Il est évident que le « Nouvel An lunaire » est le terme original utilisé pour désigner le festival du printemps. Cependant, avec la montée des politiques identitaires, nationalistes en Chine, le terme « Nouvel An chinois » est poussé dans son usage, porté par la diplomatie culturelle de Pékin. Le problème est que le Nouvel An n’est pas le monopole de la Chine ou des Chinois. En outre, les Chinois d’Asie du Sud-Est considèrent que leur avenir est lié au pays dont ils sont citoyens. Le débat sur le « Nouvel An chinois » ou le « Nouvel An lunaire » intervient à un moment où l’essor de la Chine pose un défi à la construction de la nation dans les pays de la région.

La France n’échappe pas non plus à la stratégie d’influence culturelle chinoise. Une stratégie légitime. Mais, la France cherche-t-elle vraiment à la résister ou au moins à tenter un équilibre honnête, équitable ? Non, pas vraiment. Le site officiel de l’Office du Tourisme et des Congrès de Paris utilise toujours la qualification « chinoise » pour présenter le Nouvel An lunaire 2021. Et on la voit encore dans les médias, même si la tendance va vers une diminution.

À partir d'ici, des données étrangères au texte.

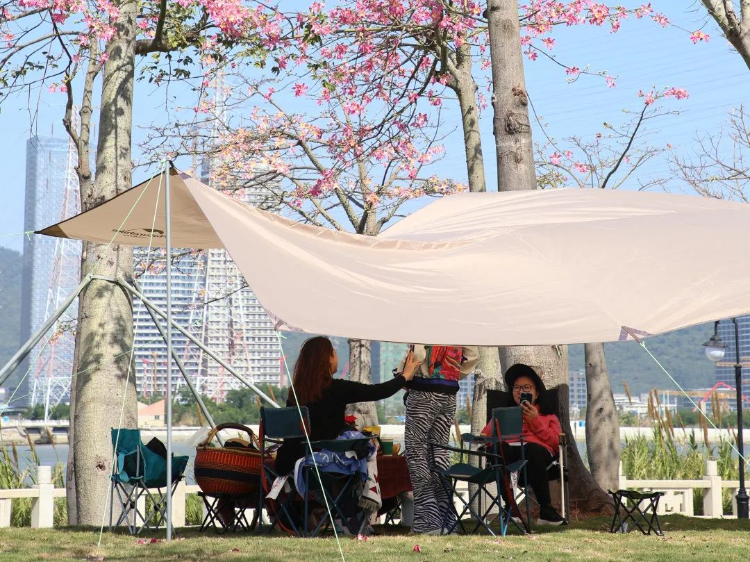 分別位于1號驛站、2號驛站和5號驛站的疊石水景附近,大橫琴城資將原有生長的老化綠籬打造為通透的草坪景觀,極大地拓寬了游客的游玩區域,為露營愛好者提供了絕佳的露營場地,游客可以在草坪上一邊野餐玩耍,一邊抬頭賞花。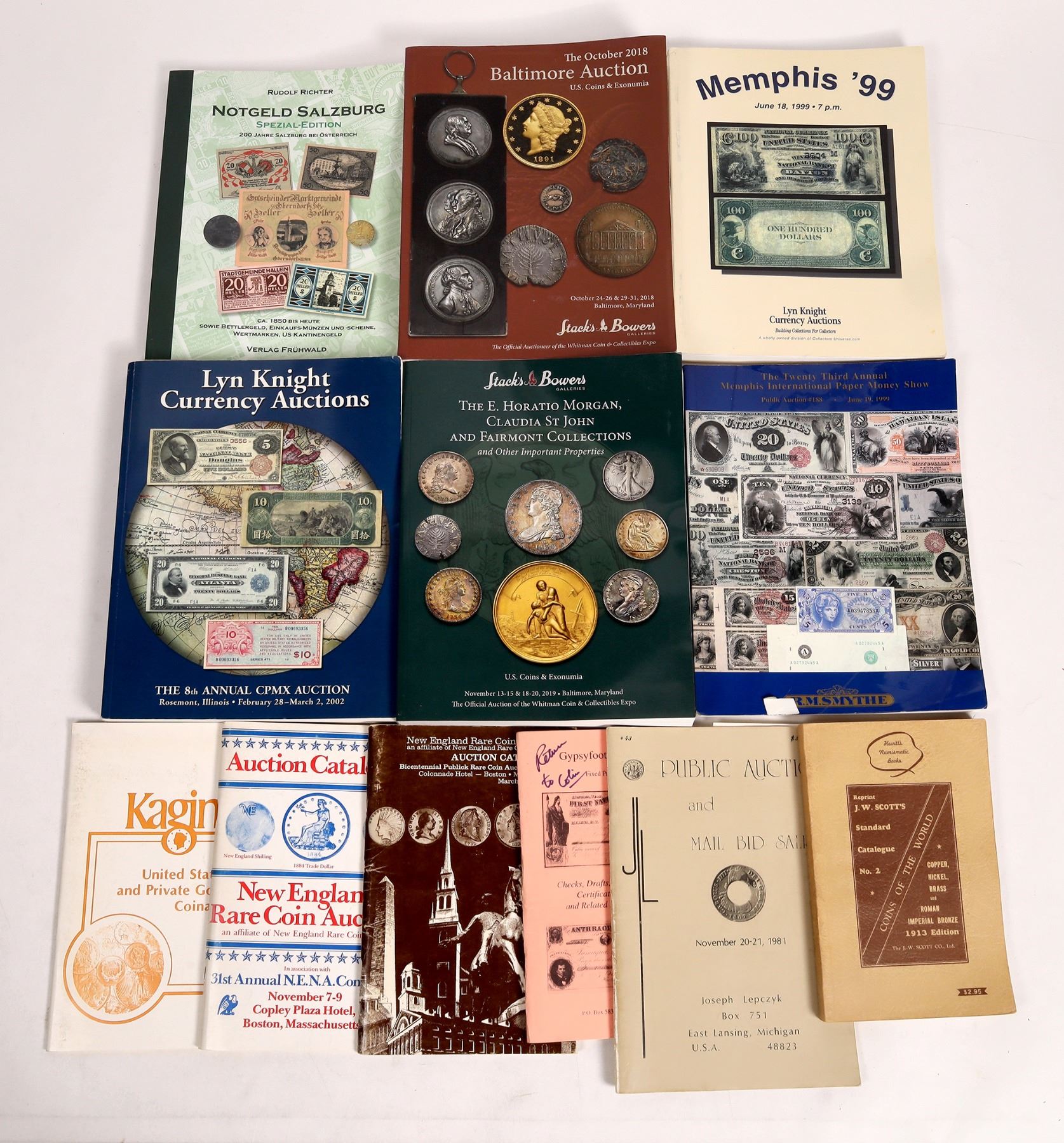 12 numismatic catalogs. R M Smythe, Memphis '99, Lyn Knight currency auction, Stacks Bowers 2019, New England Rare Coin Auctions etc.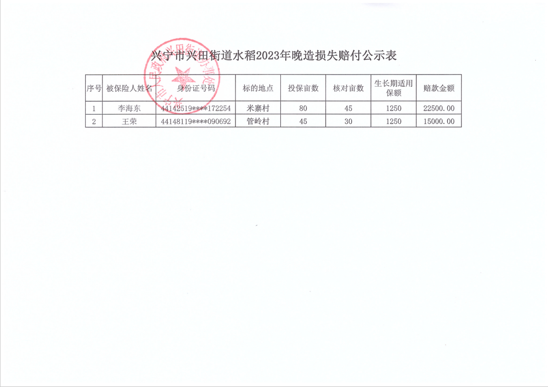 興寧市興田街道水稻2023年晚造損失賠付公示表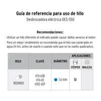 | Características | Motor de 550 W, Eje telescópico de aluminio, Función de desbrozadora y orilladora, Perilla de medio giro para cambiar de orilla a desbrozadora, Pedal de ajuste rápido |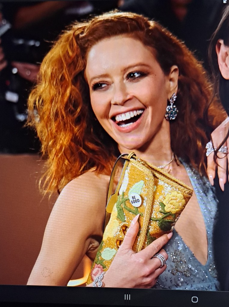Jessie Buckley in DIOR. Simple Dress and Pretty Fambric.

En ces jours, la Mairie du 13e arrondissement de Paris produit un livret qu’elle vient de distribuer au public — dans les écoles et les commerces — à l’occasion du Nouvel An lunaire de 2021, et qu’on peut remarquer sans peine la présence du terme « Nouvel An chinois » dans les pages.

Mais, soyons optimistes. Le président de la République française Emmanuel Macron a prononcé aujourd’hui les voeux du Nouvel An…lunaire aux Français qui le fêtent. Et sur sa page Facebook, des voeux spécifiques écrits en vietnamien, en coréen et en chinois.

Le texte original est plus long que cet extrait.